Don't Betray the Consumer / Protect the Mothership
In consumer products, you cannot fail fast. One bad SKU damages the parent brand.
In tech you can iterate publicly — try something, kill it, try again. In consumer products the customer is putting something in their body. One bad SKU doesn't just kill that SKU; it costs you the customer for your entire brand. Lubetzky's PeaceWorks 'sweet and spicy teriyaki pepper spread' — a 15th-product line extension done for shelf space — was a 'gelatinous blob' that betrayed the consumers who'd trusted his sun-dried tomato spread. The same applies to influencer-founder brands: Mr. Beast's Feastables, Logan Paul's Prime — the audience will try once on loyalty; the product has to win on its own merit or it damages the mothership franchise.

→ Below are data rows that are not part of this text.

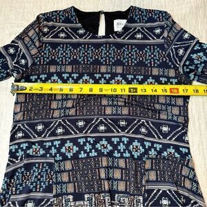 MISA Los Angeles navy blue geometric Pyramid graphic print shift dress XL Boho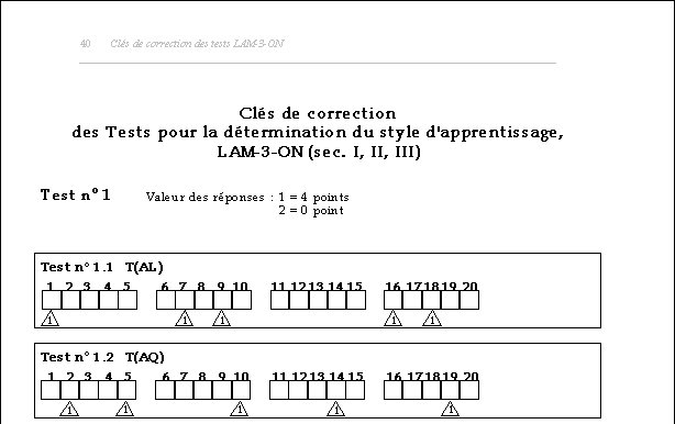 Les Clés de correction qui sont présentées à l'annexe 5, peuvent être utilisées pour répondre à trois besoins particuliers : le premier, une introduction rapide aux divers comportements observables qui définissent l'une ou l'autre composante du domaine respectif de chacune des variables du profil d'apprentissage; le second, l'analyse plus approfondie des réponses d'un individu pour chacune des variables de son profil d'apprentissage ou encore pour l'une d'entre elles suite à une question de l'individu, question qui peut orienter l'analyse de son profil d'apprentissage et poser un jalon important pour une éventuelle prescription d'apprentissage; le troisième, la correction et la compilation des réponses d'un individu aux tests LAM-3-ONE pour la mise au point de son profil d'apprentissage.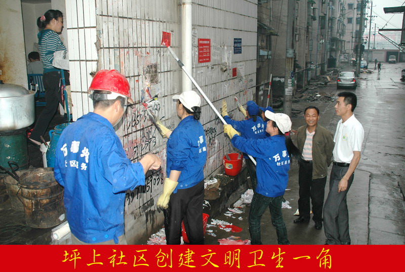 钢丝刷铲除墙上的广告,沥青刷地面上的广告……今日上午,城关镇坪上社区组织百余名环卫志愿者在碧潭新村、新村路等地,对行人乱扔乱丢等不文明行为进行劝导和制止,认真清除绿化带里的白色污染物和墙面残留的“牛皮癣”。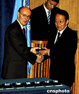 中國常駐聯(lián)合國代表王光亞在代表付清禮家屬接受勛章后,通過媒體向中國所有參與聯(lián)合國維和行動的人員致以崇高敬意和親切慰問。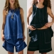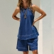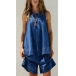 This is a trendy and versatile ensemble that exudes modern flair and effortless cool. The denim fabric adds a touch of edgy sophistication to the set, creating a timeless and classic look that is perfect for any occasion. The sleeveless shirt offers a chic and laid-back style, perfect for warmer days and showcasing your arms and shoulders. The shorts provide a comfortable and stylish bottom that is ideal for staying cool and fashionable in the summer months. Pair it with sneakers or sandals for a casual and relaxed look.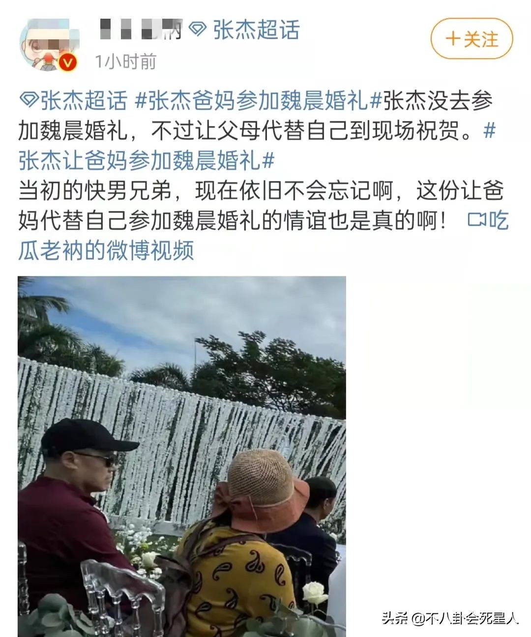 說完了陸虎,讓我們再看看張傑。他也是07年快男選手之一,這麼多年,張傑魏晨關係一直很好。不過,張傑因為工作太忙,沒法親自去婚禮現場,但張傑父母替他去了,也算心意到了,神仙友誼呀,慕了慕了。

- Consumer trust is non-fungible across SKUs — they trust the parent.
- Audience strength buys you one try, not ongoing forgiveness.
- You cannot launch anything unless it exceeds expectations.
- Tech 'fail fast' is a category error in CPG.
Two stories knit together: (a) PeaceWorks at age 25-27, expanding from 3 strong products to 15, the last 2 of which were a 'cardinal sin' against the consumer; (b) advising Mr. Beast directly on Feastables not to over-rely on the YouTube franchise.